ASSIGNMENT
Would you please give the entries again word for word, with no images in your copy?

Items from a data source

--

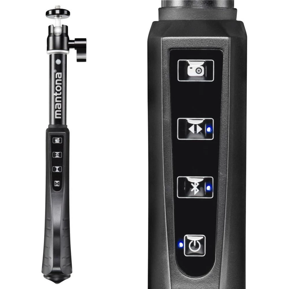 Ručni stativ iz mantone idealan je suputnik prilikom snimanja ili fotografiranja GoPro Heroom ili pametnim telefonom. Čvrsti aluminijski stativ može se postupno produžiti i brzo se i jednostavno zaključava. Sa svojom malom težinom može se savršeno koristiti za selfieje, a veći promjer nastavaka stativa također optimalno stabilizira video snimke.
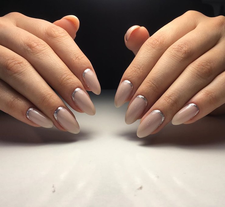 5. Еще один простой вариант – лунный маникюр. Отросшие участки нужно просто аккуратно заполнить блестящим лаком. Чтобы избежать попадания на накрашенную часть, можно использовать наклейки у отросшего края ногтя, которые не позволят выходить на лишние участки. И не забудьте сверху снова покрыть все бесцветным лаком.
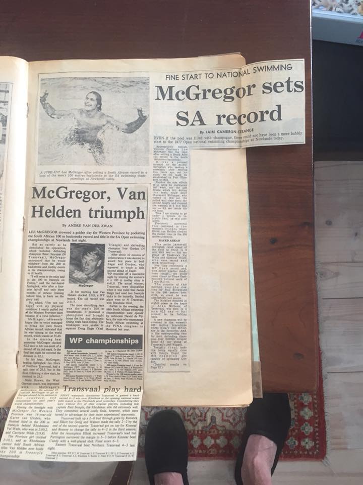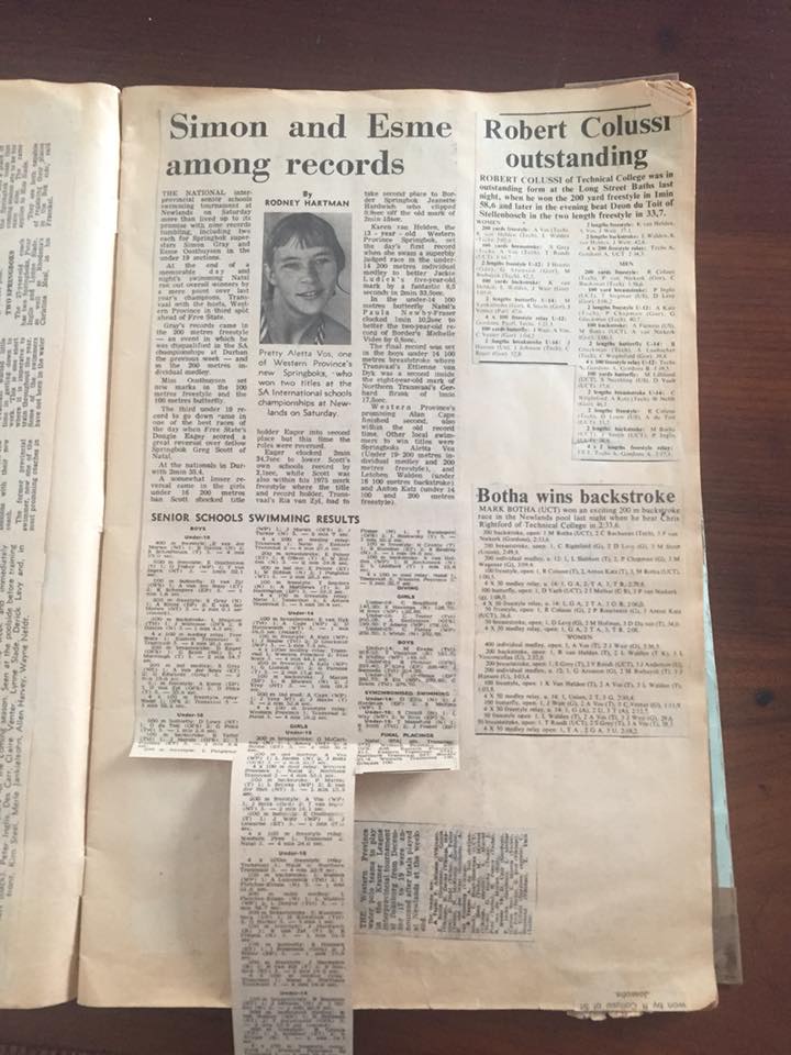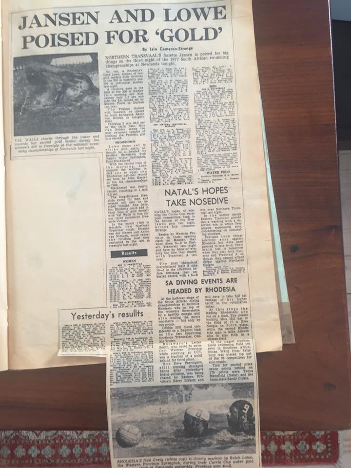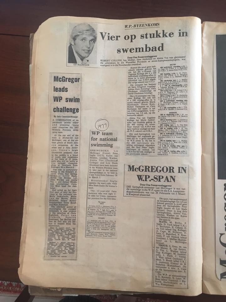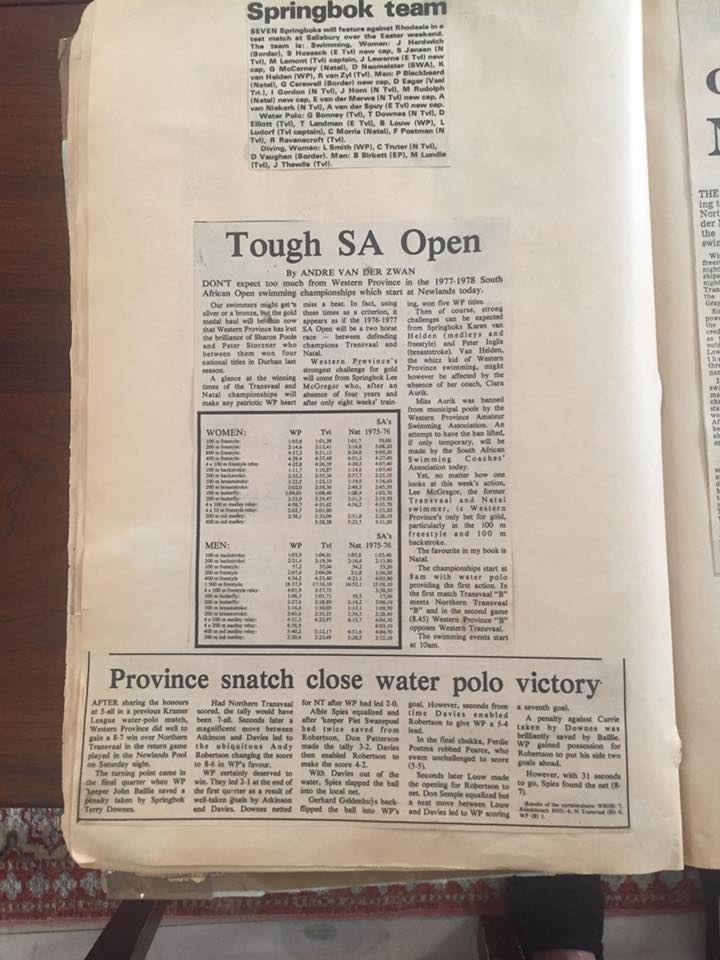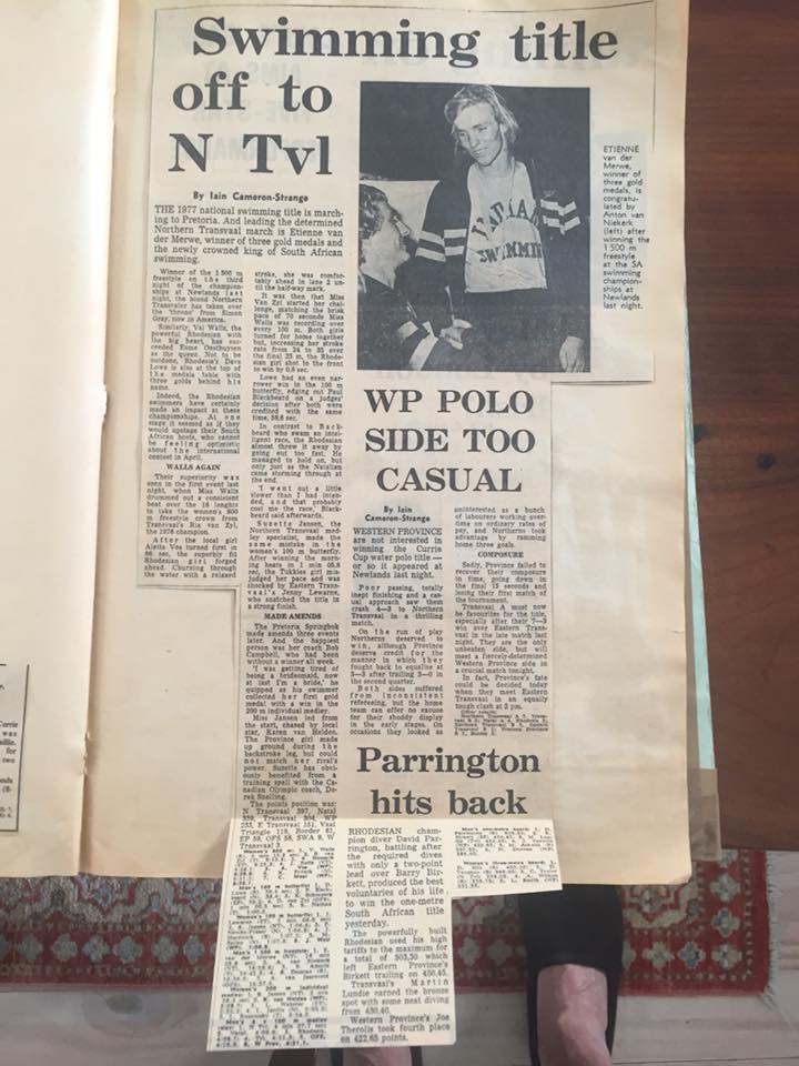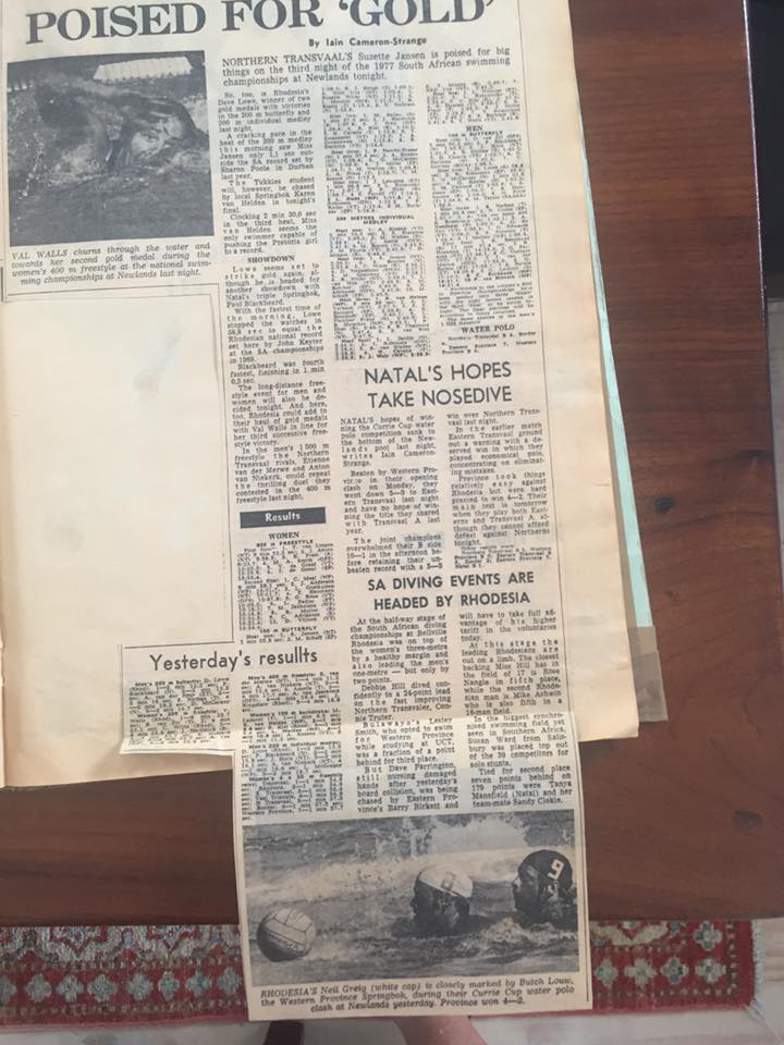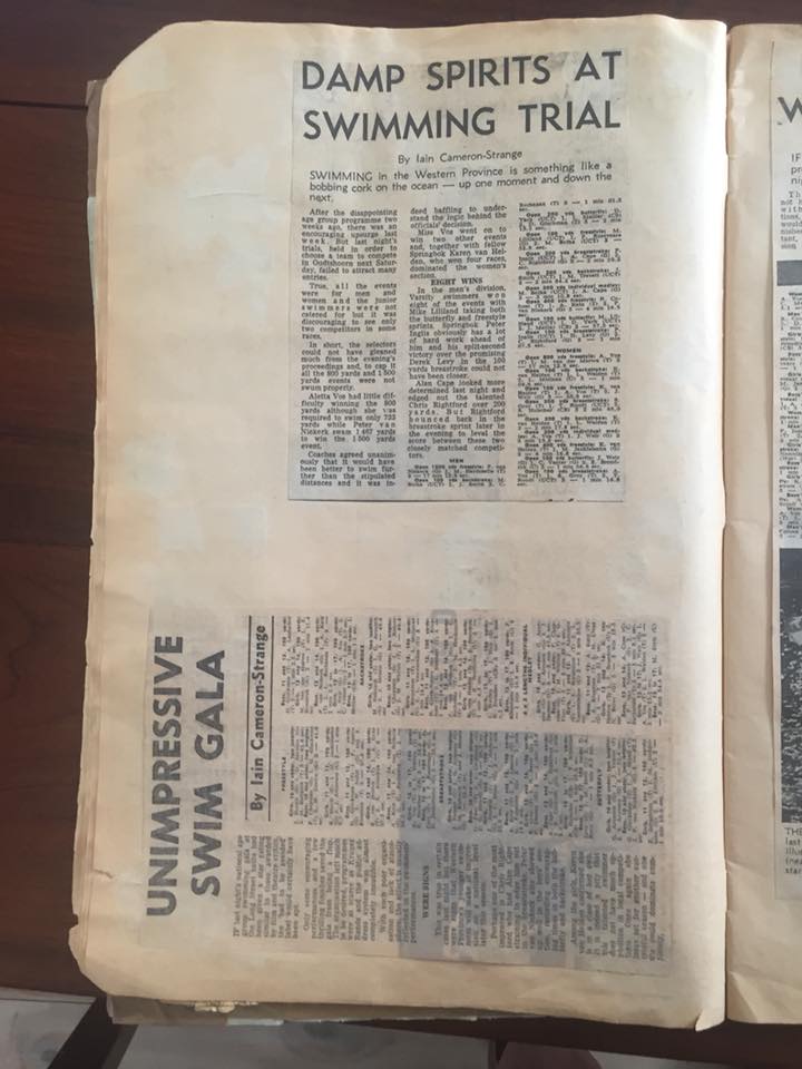 Ian Meliier's collection of local newspaper articles from the 1977 South African Aquatic Championships.
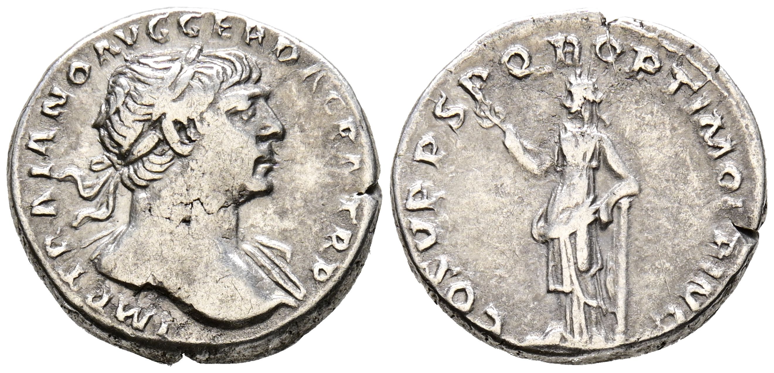 TRAJAN. Denarius. (Ar. 3.37g/18mm). 110 AD Rome. (RIC 126). Obv: Laureate head of Trajan facing right, around legend: IMP TRAIANO AVG GER DAC PM TR P. Rev: Felicitas standing left leaning on column carrying caduceus, around legend: COS VPP SPQR OPTIMO PRINC. Very Fine.
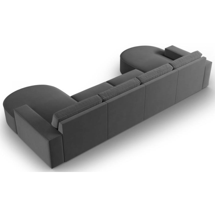 The modern panoramic 5-seater Carlo rounded corner sofa from the manufacturer Milo Casa is a piece of furniture that measures: 372 cm wide, 90 cm high, 166 cm deep on both sides, which is characterised by its extreme comfort. This trendy corner sofa is available in 7 colours: Light Beige, Royal Blue, Grey, Light Grey, Yellow, Black and Bottle Green, so it will suit any type of interior. The seat filling is made from a combination of corrugated spring and high elasticity polyurethane foam, while the backrest is filled with silicone. A distinctive feature of the sofa is its unusual, futuristic shape - the body resembles the letter 'U', making it a perfect piece of furniture for social gatherings. In addition, the loungers have been rounded, which makes it a unique proposal. The sofa has been upholstered with velvet fabric that is silky and extremely soft to the touch, ensuring the ultimate comfort of rest. The high quality materials used in the production of the furniture make the Carlo panoramic sofa characterised by great strength and durability. The furniture is set on low, plastic legs.
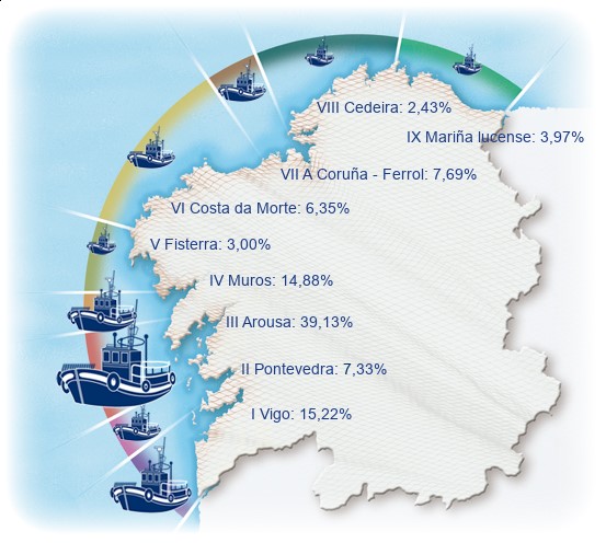 | Zona III - Arousa | 1.628 | -0,91% | 39,13% | -0,03% | 13.906 | -3,43% | 69.034 | -1,51% |

--

RESPONSE BELOW
 Ručni stativ iz mantone idealan je suputnik prilikom snimanja ili fotografiranja GoPro Heroom ili pametnim telefonom. Čvrsti aluminijski stativ može se postupno produžiti i brzo se i jednostavno zaključava. Sa svojom malom težinom može se savršeno koristiti za selfieje, a veći promjer nastavaka stativa također optimalno stabilizira video snimke.
 5. Еще один простой вариант – лунный маникюр. Отросшие участки нужно просто аккуратно заполнить блестящим лаком. Чтобы избежать попадания на накрашенную часть, можно использовать наклейки у отросшего края ногтя, которые не позволят выходить на лишние участки. И не забудьте сверху снова покрыть все бесцветным лаком.
 Ian Meliier's collection of local newspaper articles from the 1977 South African Aquatic Championships.
 TRAJAN. Denarius. (Ar. 3.37g/18mm). 110 AD Rome. (RIC 126). Obv: Laureate head of Trajan facing right, around legend: IMP TRAIANO AVG GER DAC PM TR P. Rev: Felicitas standing left leaning on column carrying caduceus, around legend: COS VPP SPQR OPTIMO PRINC. Very Fine.
 The modern panoramic 5-seater Carlo rounded corner sofa from the manufacturer Milo Casa is a piece of furniture that measures: 372 cm wide, 90 cm high, 166 cm deep on both sides, which is characterised by its extreme comfort. This trendy corner sofa is available in 7 colours: Light Beige, Royal Blue, Grey, Light Grey, Yellow, Black and Bottle Green, so it will suit any type of interior. The seat filling is made from a combination of corrugated spring and high elasticity polyurethane foam, while the backrest is filled with silicone. A distinctive feature of the sofa is its unusual, futuristic shape - the body resembles the letter 'U', making it a perfect piece of furniture for social gatherings. In addition, the loungers have been rounded, which makes it a unique proposal. The sofa has been upholstered with velvet fabric that is silky and extremely soft to the touch, ensuring the ultimate comfort of rest. The high quality materials used in the production of the furniture make the Carlo panoramic sofa characterised by great strength and durability. The furniture is set on low, plastic legs.
 | Zona III - Arousa | 1.628 | -0,91% | 39,13% | -0,03% | 13.906 | -3,43% | 69.034 | -1,51% |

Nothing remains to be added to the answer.